После синкелла заговорил квестор священного двора Игнатий:

— Великий наш государь! Слова Анастасия, несомненно, справедливы, но только если бы с подобным письмом обратилось частное лицо. Поскольку же послание принадлежит сарацинскому государю, то умолчание на него может обратиться против нашей веры. Ибо сарацины скажут: христиане убоялись задаваемых им вопросов, потому как не имели на них надлежащих ответов. Вот почему, государь, необходимо дать ответ Омару подробно и обстоятельно по каждому задаваемому им вопросу.

После выступления Игнатия слово вновь взял покрасневший от досады Анастасий:

— Я бы с радостью согласился с достойнейшим патрицием Игнатием, если бы на все вопросы Омара мы без труда могли бы дать достойный ответ.

Все собрание с удивлением воззрилось на синкелла, ожидая от него объяснения столь странного заявления. Патриарх неодобрительно нахмурился, но промолчал.

— На все задаваемые вопросы о пророчествах, о книгах Священного Писания и даже о троичности Лиц в Боге и прочих вопросах халифа, — продолжал Анастасий, — христианская философия ответит без труда. Но есть в письме из Дамаска один вопрос, на который ответить очень сложно.

При этих словах синкелл взял письмо халифа и прочитал: «Почему вы, — пишет Омар, — почитаете кости апостолов и пророков, знамение креста, бывшее, по законам, орудием приговора, также иконы, которым вы поклоняетесь? Где в Писании есть о том свидетельство, или где говорится об этом хотя бы в вашем Евангелии? Зато нетрудно найти в Писании противное этому вашему обычаю, свойственному разве что одним невежественным идолопоклонникам. И ты знаешь о том хорошо, что Бог же через пророка своего Моисея строго запрещает делать какие-либо изображения и поклоняться им. Но и пророк наш Мухаммед говорит, что «кумиры гнусны и суть дело сатаны».

Прочитав эту выдержку из письма, синкелл торжествующе посмотрел на собрание.

— Ответить на этот вопрос сарацина невозможно, — сказал он, — потому как действительно нет указаний о том в Священном Писании.

Патриарх Герман до этого момента сидел понурив голову и молча перебирал четки.

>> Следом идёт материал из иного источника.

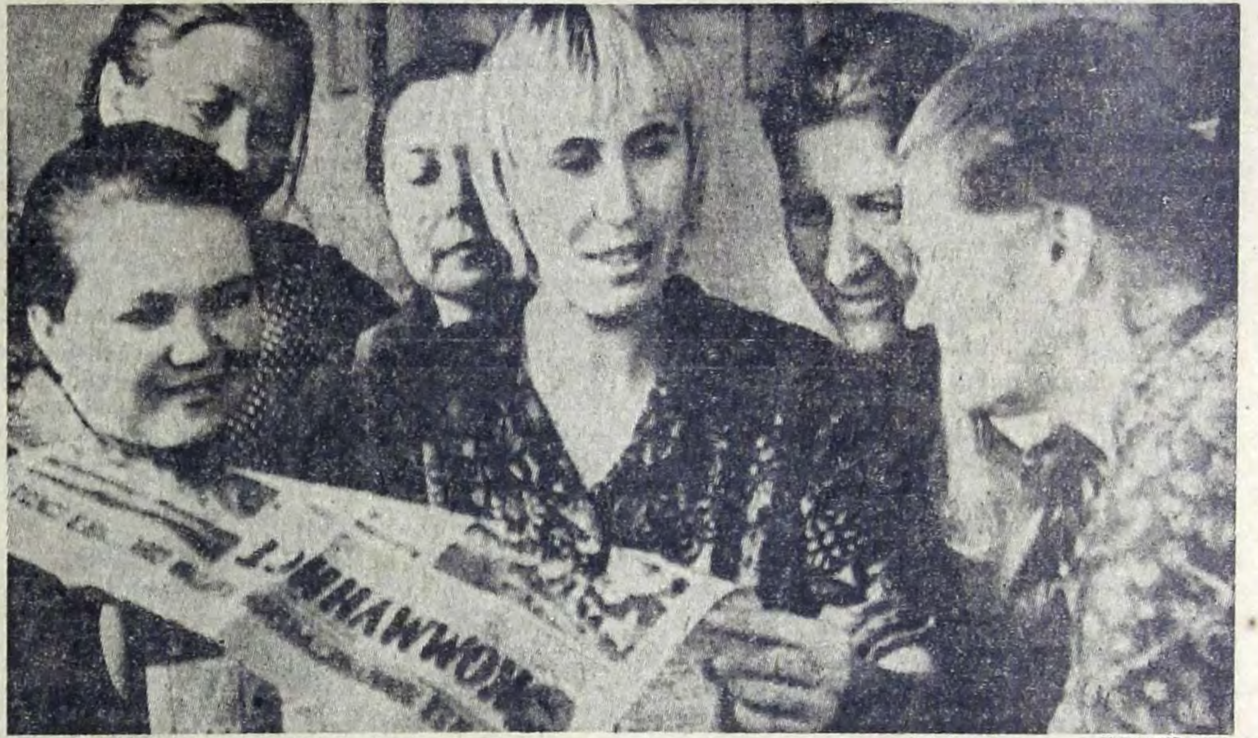
С большим интересом животноводы колхоза «Знамя коммунизма» изучают решения XXV съезда КПСС. На животноводческих фермах, в механической мастерской агитаторы всегда желанные гости.

Этот слет должен стать важной вехой на пути активизации работы народных дружин, участия широких слоев общественности города в благородном деле борьбы за укрепление социалистического правопорядка.

Но когда его синкелл закончил свою речь, он как-то особо внимательно, с интересом посмотрел на своего помощника, затем, оглядев озадаченно молчавшее собрание, встал.

— Августейший василевс и вы, высокое собрание! Для почитания святых икон у нас достаточно оснований в Предании церковном. Вспомним хотя бы изображение Спасителя, устроенное кровоточивой женой, нерукотворный образ Христа, подаренный Им царю Эдесскому, изображение Богоматери, писанное евангелистом Лукой.

После того как патриарх сел, Лев перевел свой взгляд на епископа Наколийского Константина. Тот понял, что василевс хочет слышать его мнение. Он опустил голову, и глаза его воровато забегали. Константин соображал, как бы не раздражить патриарха и в то же время поддержать своего друга Анастасия. Наконец, решившись все-таки поддержать Анастасия, он выступил вперед и почтительно поклонился императору, а затем, не менее почтительно, патриарху.

— Блаженнейший Герман со свойственной ему мудростью напомнил нам о Предании церковном, которое мы свято храним в сердцах наших. Но я хочу напомнить высокому собранию, что Омар ждет от нас указаний на почитание икон в Священном Писании. Преданий же человеческих царь сарацинский не примет.

При этих словах Константина Лев едва заметно одобрительно кивнул головой, что не укрылось от взора Наколийского епископа. Следующим выступил магистр оффиций Сергий. Он предложил в ответном письме дипломатично замолчать вопрос о почитании икон, раз на него нет ясного и недвусмысленного ответа.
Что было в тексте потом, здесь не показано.